Jesus stated that his powers to cure and drive out demons were the sign that he was the enigmatic “Son of Man” of Jewish legend who would come “not to replace the Law and the Prophets, but to fulfill them.” He held that his mission was to purify and prepare only fellow Jews for the imminent end of times and the triumphant return of Yahweh, who would smite Israel’s enemies as the old sagas foretold.
This kingdom would not consist simply of Jews happily freed from foreign oppression, but would see them at last installed in their rightful place “to rule the nations with a rod of iron” as the chosen people of a jealous god who claimed dominion over all humanity. This is the core expectation of the Old Testament in its Messiah myth. It is epitomized in the promises of Psalm Two, of 1 Chronicles 29, Numbers 23, Deuteronomy 33, and in the messages of the blood-and-thunder prophets Ezekiel, Elijah, Elisha, Isaiah, Jeremiah, et al., that a worldwide Judaic theocracy was divinely preordained.
This is also the clear message of the synoptic Gospels, but by the time John’s Gospel was composed fifty years later, the tale had become reimagined into something metaphysical and universal, because nothing had happened as Jesus predicted it would. Meanwhile, the Apostle Paul, who never met Jesus, reshaped the dead man’s legend into a new cult that would eventually be called Christianity.
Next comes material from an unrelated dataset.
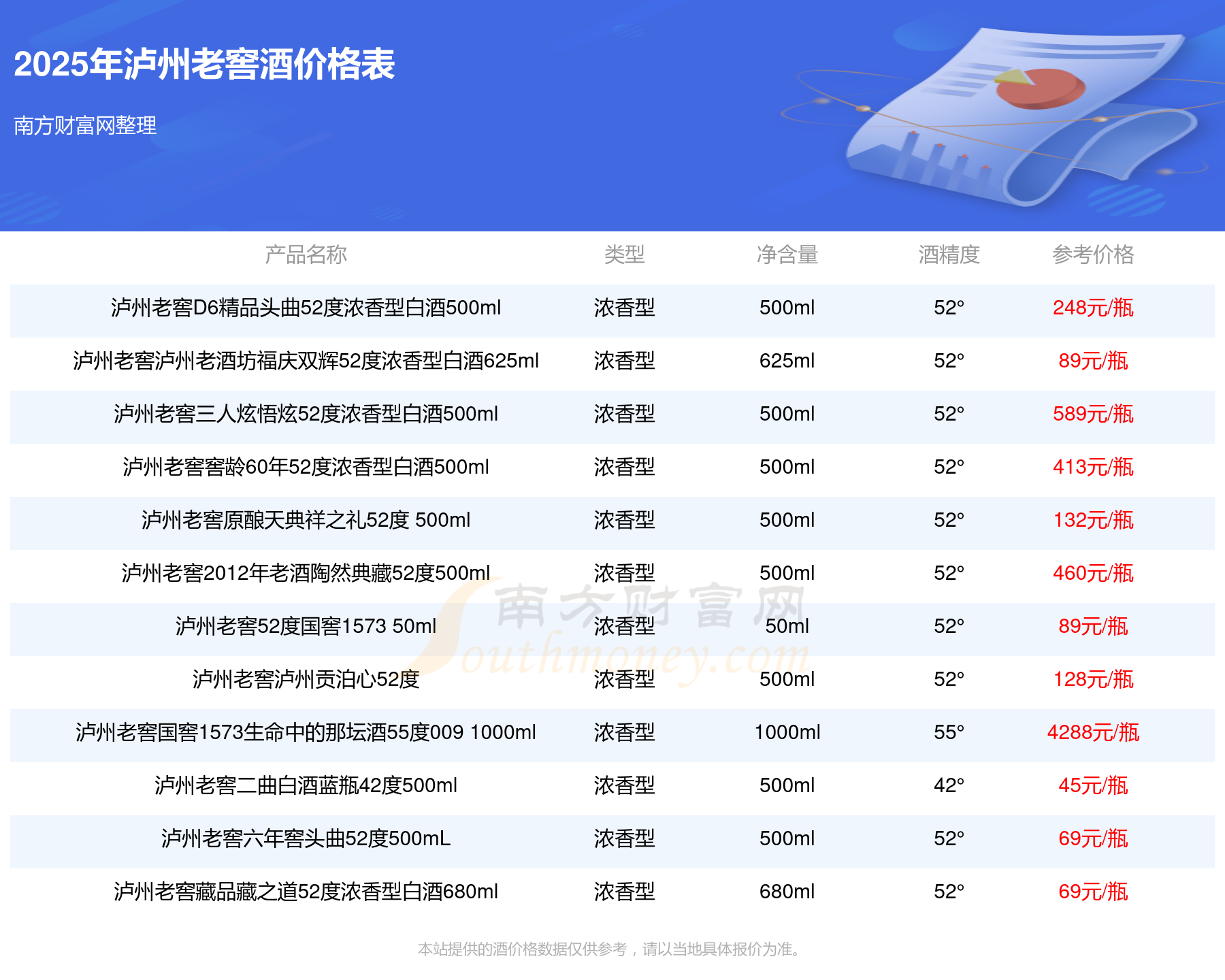2025年,瀘州老窖酒價(jià)格最高的是瀘州老窖國(guó)窖1573春釀鼠兆豐年E 55度,參考價(jià)17999元,最低的是瀘州老窖45度五洲醉8窖經(jīng)典小酒版濃香型100ml,參考價(jià)10元,價(jià)格高低差為17989元。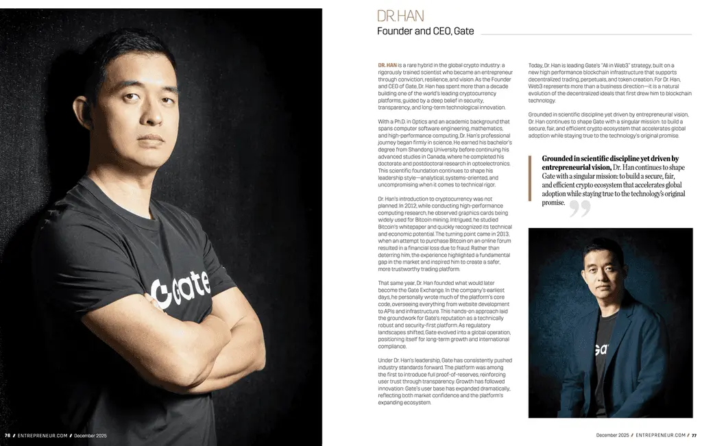 “The 100” 榜单由 Entrepreneur Middle East 历时一年策划与评选,重点聚焦在区域商业、科技与创新领域中,对产业发展产生长期影响的个人、先锋人物与行业领导者。Dr. Han 此次入选,不仅体现其在数字资产与 Web3 领域的前瞻性判断与长期实践,也反映 Gate 在全球加密行业持续推进专业化建设、产品创新与国际化布局过程中所形成的综合实力。

We know today that Jesus’ allegedly great moral principles were not original with him, but were adaptations or paraphrases of contemporary Jewish thought cobbled together for the end times emergency. His unrealistic exhortations to “turn the other cheek”, to love one's enemies, to give away all one’s possessions and so on, clearly show his perspective that this world was about to pass away, so that practical strategies for daily living were no longer important.
Jesus was mistaken in this his unique belief, and he suffered a gruesome fate on a Roman cross for his delusion. As his poignant story was told and retold in the larger world beyond the Galilee, it became mixed with elements of unmistakably pagan theology - divine paternity, virgin birth, a three-day stay in the underworld followed by a universally redeeming return to life, and more. These things had no cognates in Judaism and would have been abominable heresies to the pious Jew who Jesus actually was.
Let us also remember that when Christianity took over the shrunken remnant of the once mighty Roman empire, its male-only priesthood stamped out religious freedom by imperial decree and by mob violence. Their fanatic acolytes destroyed ancient temples, hospitals, theaters, and universities, murdered priests, priestesses, professors and doctors, pillaged centuries of secular and sacred artwork, and burned books everywhere. In the process they demonized women, gays, and nonbelievers, projecting their morbid sexual obsessions onto a people now barely more than slaves to an authoritarian church backed by the unyielding power of an autocratic empire. This was the natural continuation of the ethnocentric intolerance that Christianity inherited from its origin in the nationalist faction of second temple period Judaism.
In their wisdom, our Founders made certain these horrors would not be repeated in their bold new experiment in self-government. It was not accidental that our own United States was the first western government in fourteen centuries that refused to establish Christianity as its official state religion.